This has been done for a macroporous resin adsorbent, using both water and mixtures of water and methanol (ref. 27).

In a study with activated carbon the solvents were water and cyclohexane (ref. 51). A variant on this theme is a comparison of two different adsorbents (macroporous resin versus activated carbon) using the same adsorbate (ref. 64, 44).

In almost all studies the internal diffusion is described by modifications of Fick's law of diffusion. In one study (ref. 32) the solution using Fick's law has been compared with the solution obtained by using a rate equation for the description of internal transport (linear driving force type). Whereas the Dp value appeared to be constant along the kinetic curve, the value of the internal mass transfer coëfficiënt varied strongly along the curve.

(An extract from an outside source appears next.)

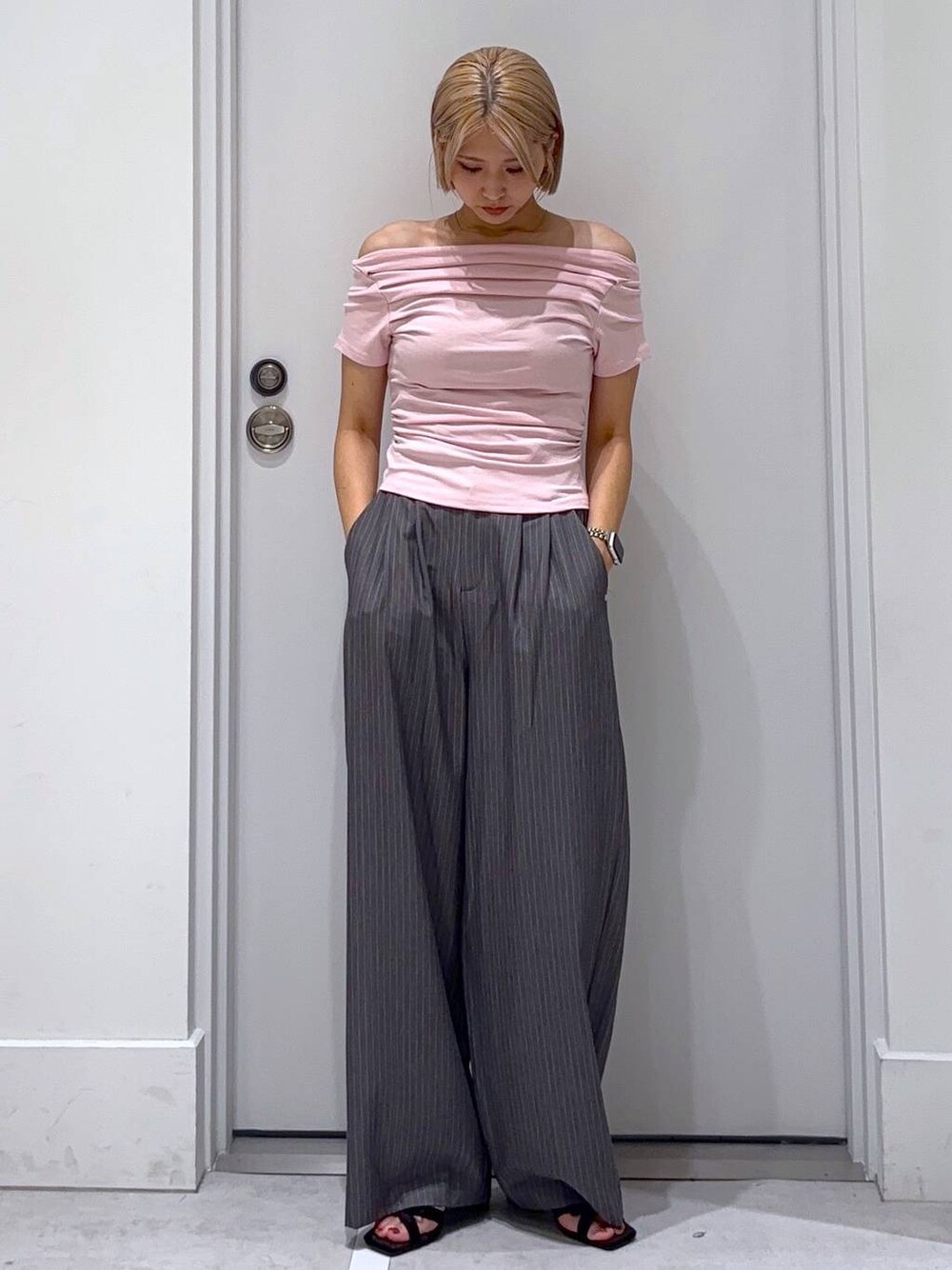 トップス👕 名前の通り華奢見えするシンプルトップス💞! オフショルにして着られる伸縮性!着心地も良く どんなアイテムとも相性抜群です! ボトムス👖 フロントに入ったタックが形を綺麗に見せてくれつつ ワイドでルーズ感のあるシルエットがかっちりしすぎず着られるスラックスです🎶🎶

As already has been mentioned, most of the studies refer to batch experiments. A technique that is extensively applied in studying transport from the gaseous phase is where the flow of the adsorbate is measured over a porous plug of the adsorbent (ref. 71, 72). This technique has been applied sporadically in measuring mass transfer in liquid systems (ref. 53). Some of the results obtained from studies in the gas phase can be used however, for interpretation of the results obtained for aqueous systems, as will be argued in chapter 6. of the present study.

Table I summarises the literature on single component batch studies.

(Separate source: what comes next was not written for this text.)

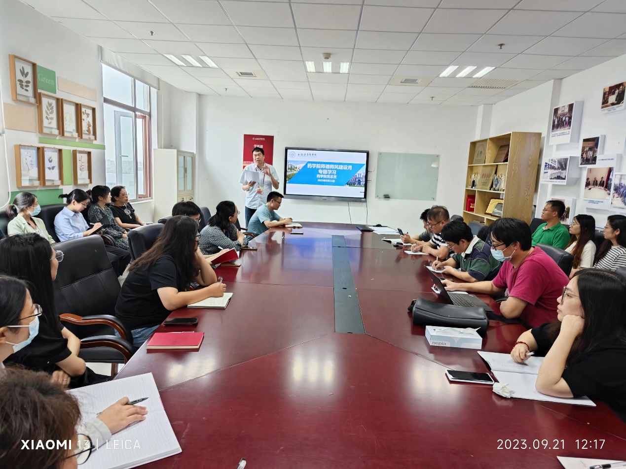 为贯彻落实党的二十大精神,深入学习贯彻习近平总书记关于加快建设中国特色社会主义教育强国重要讲话精神,深入开展好师德师风建设月活动,药学院党总支在9月21日,组织教职工政治学习,党总支书记詹昌明主持了学习。

The table is the best one that the present author could compile, completeness is not guaranteed. The concept 'homogeneous partiele model' will be discussed in section 3. of chapter 3. It refers to particles in which the pore size distribution is very narrow, is constant throughout the particles and where the pores have no preferential direction.

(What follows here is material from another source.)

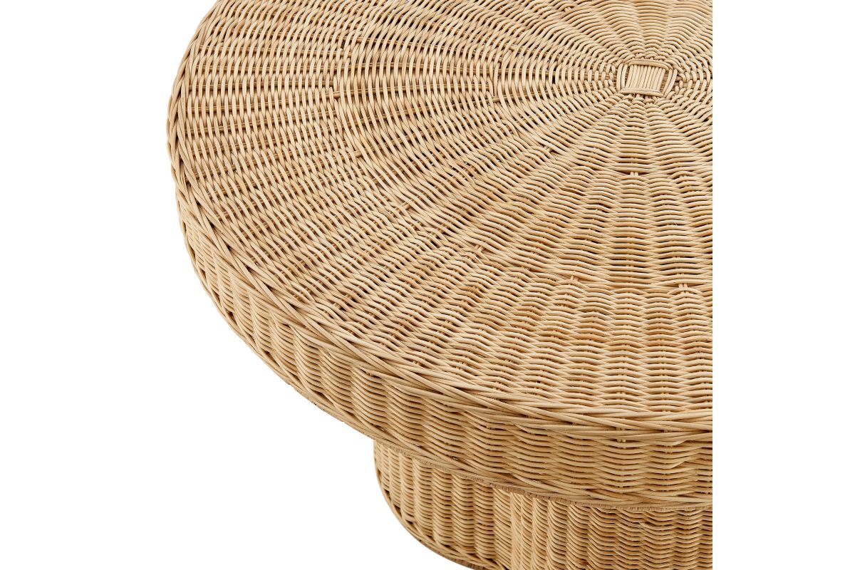 The Ainsley 32" Round Coffee Table adds natural texture and an artful shape to living rooms, sunrooms, and cozy indoor lounges. Made entirely from natural rattan, its sculpted three-pillar base forms a rounded triangle silhouette that feels both organic and architectural—offering more visual interest than a standard pedestal. Topped with a spacious 32-inch surface, this woven accent table is ideal for serving snacks, holding drinks, or displaying your favorite décor. Designed for everyday use, it arrives fully assembled and features non-marking foot caps to help protect floors. Whether styled indoors or on a covered patio, Ainsley brings an easygoing, relaxed vibe to any setup. Product Note: Due to the natural qualities of rattan, slight variations in color and pattern are to be expected, adding to each piece’s unique character.

2.2 Column studies of single component adsorption

The literature survey in this section is also presented in a tabular form. For several reasons the number of column studies is much larger than that of batch systems. This review is therefore limited to those studies necessary to obtain an outline of the development of the subject. The studies covered mainly concern adsorption from a liquid in a bed of a conventional solid adsorbent. In some cases, new concepts in this field had their origins elsewhere. That is why some studies have been included on adsorption in ion exchange, gas-solid chromatography and heterogenous catalysis. The presentation of an exhaustive survey is not therefore possible in the present study, an excellent survey on mass transfer to and in solid adsorbents is given by Vermeulen et al. (ref. 75). The survey in this section tries to present a historie outline for the objective of this study as defined in the preceding chapter.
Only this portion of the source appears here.